No filme Freud aparece como um objecto de desejo. Jung tal como, em menor grau, Sabina desejam a sua boa opinião e olham com reverência para ele tendo Sabina, por exemplo, exigindo que Jung esclarecesse de forma verdadeira Freud sobre o tipo de relação que ele e Sabina mantinham, e ambos, no decurso das respectivas carreiras profissionais na área da psicanálise, valorizam e desejam o reconhecimento de Freud. No entanto Freud é uma personagem secundária do filme, e é-nos apresentado como um burguês algo frustrado e prisioneiro de si próprio e do seu mundo. É um judeu e não um ariano (como lembra a Jung), tem filhos a mais num apartamento que considera pequeno (por oposição a Jung), tem dinheiro a menos, sente a falta do reconhecimento por parte de outras classes médicas e profissionais que crê merecer, e desconfia do olhar da sociedade sobre ele. A sua fragilidade é, no filme, explorada na sua vertente intelectual e pessoal, nos encontros, debates e conversas com Jung em que ele teme colocar-se numa posição intelectualmente secundária face a Jung. Este percebe e repara nessa recusa de uma maior abertura e uma entrega (também afectiva?) mais sincera, nomeadamente na recusa de Freud contar o seu sonho. Freud parece estar fechado sobre si, dominado pelas frustrações, descontentamentos e medos.

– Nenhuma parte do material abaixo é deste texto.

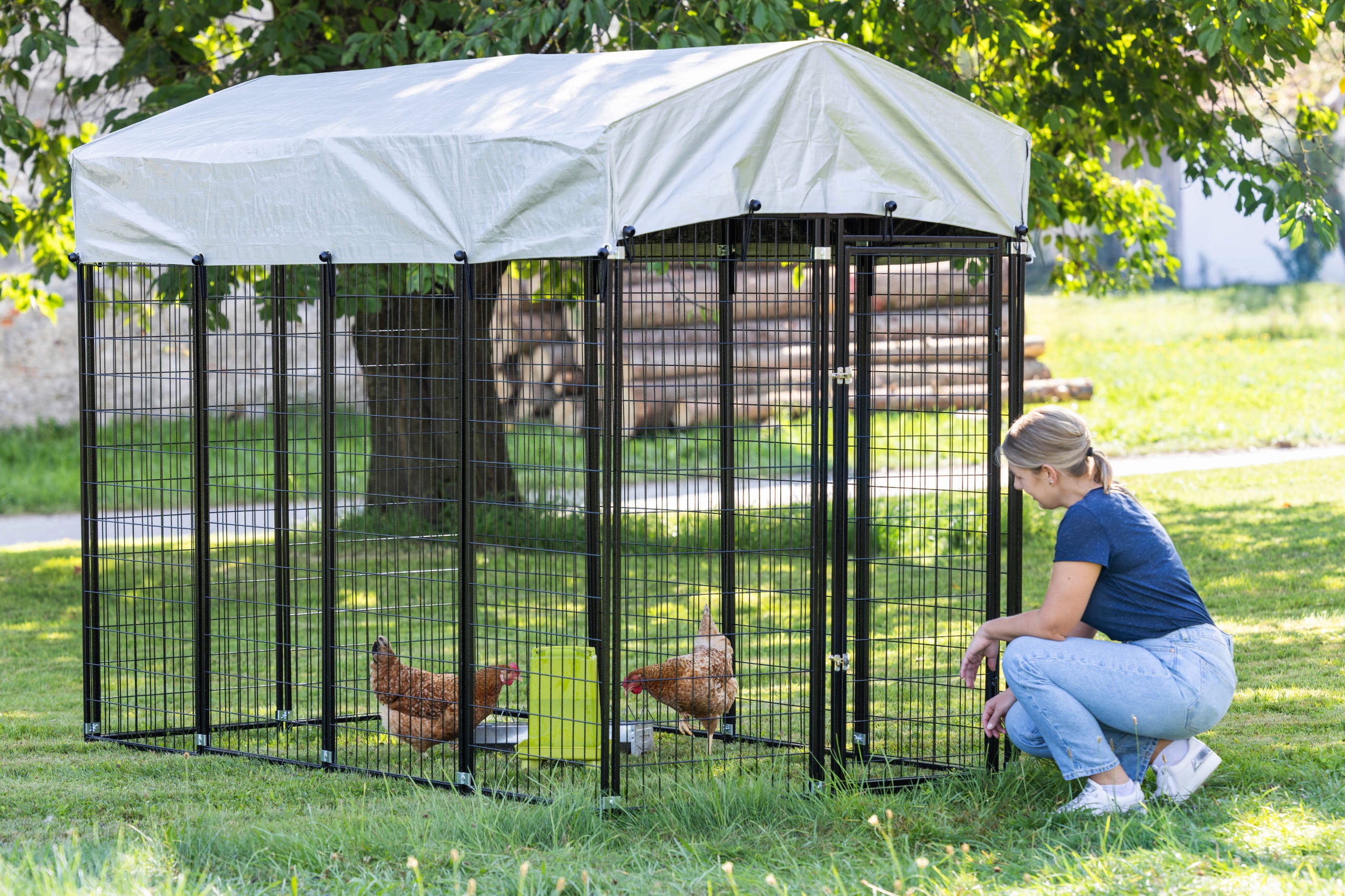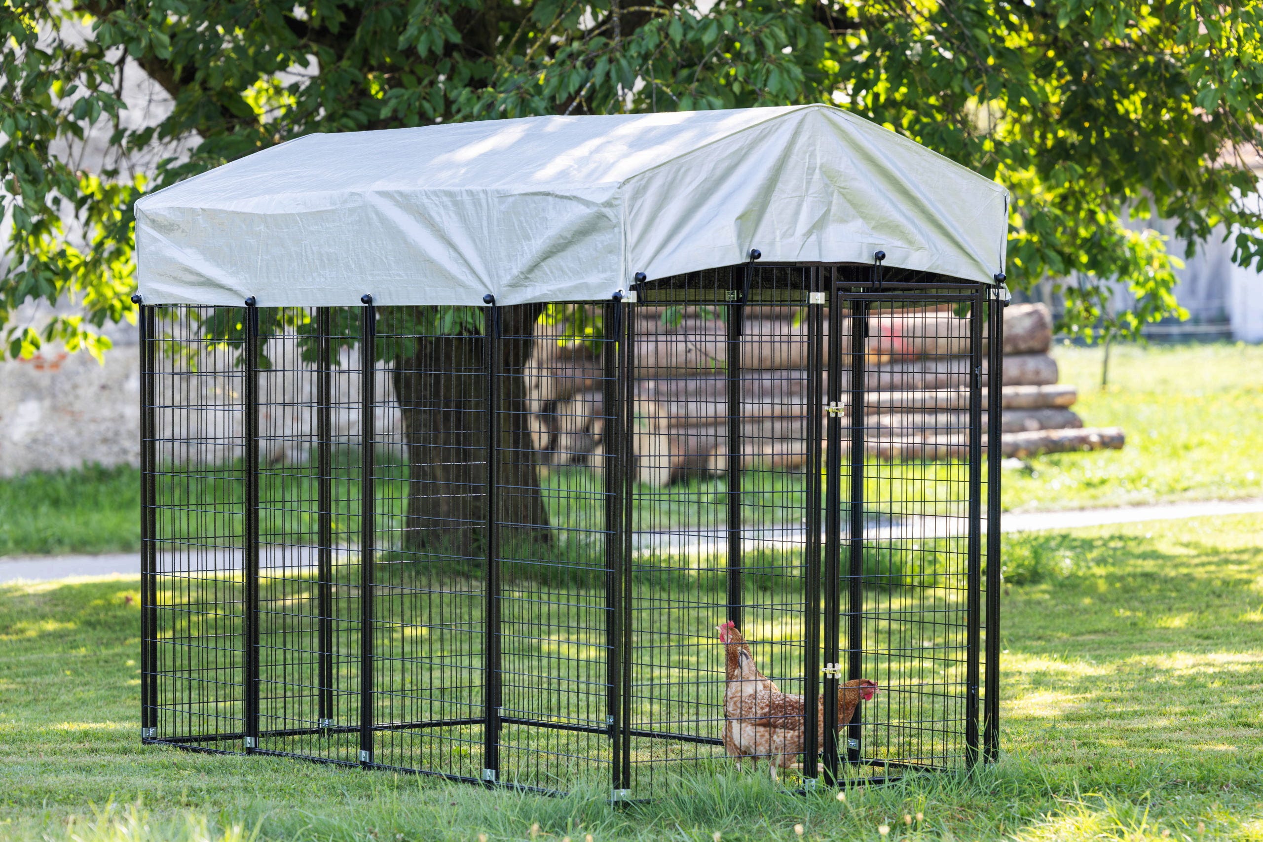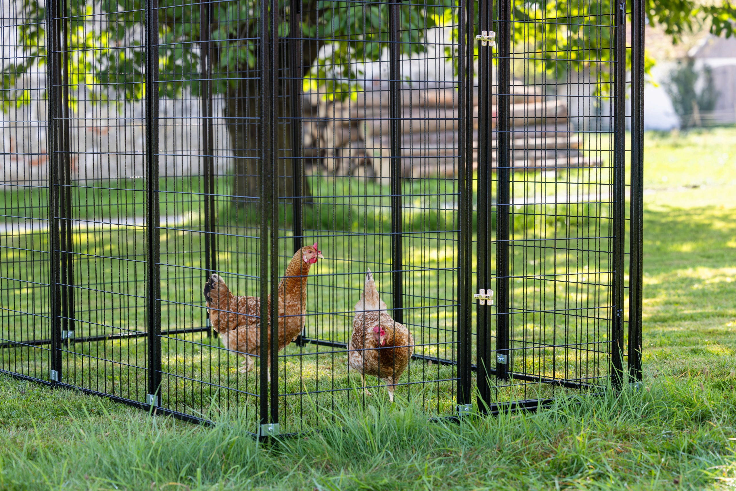 - Prilagojeno življenjsko okolje: Ograda ponuja dovolj prostora za naravna vedenja, kot so praskanje in brkljanje – odlično za kokoši, gosi ali druge male živali.

Ao olhar para cada uma das suas personagens, Cronenberg, numa narrativa segura e elegante, toca na essência da natureza humana, a pulsão de vida ou de morte, e na sua capacidade transformadora. Jung e Freud que estudam a psique, os comportamentos e os mecanismos da transformação do seu humano (através da terapia) não ultrapassam as suas contradições. Teoricamente são apologistas da libertação do ser e como profissionais ajudam os seus pacientes a libertarem-se das suas amarras como as frustrações, más memorias, obsessões, mas eles aparecem como sendo tão pouco livres e afinal não é só do corpo que são (somos) prisioneiros.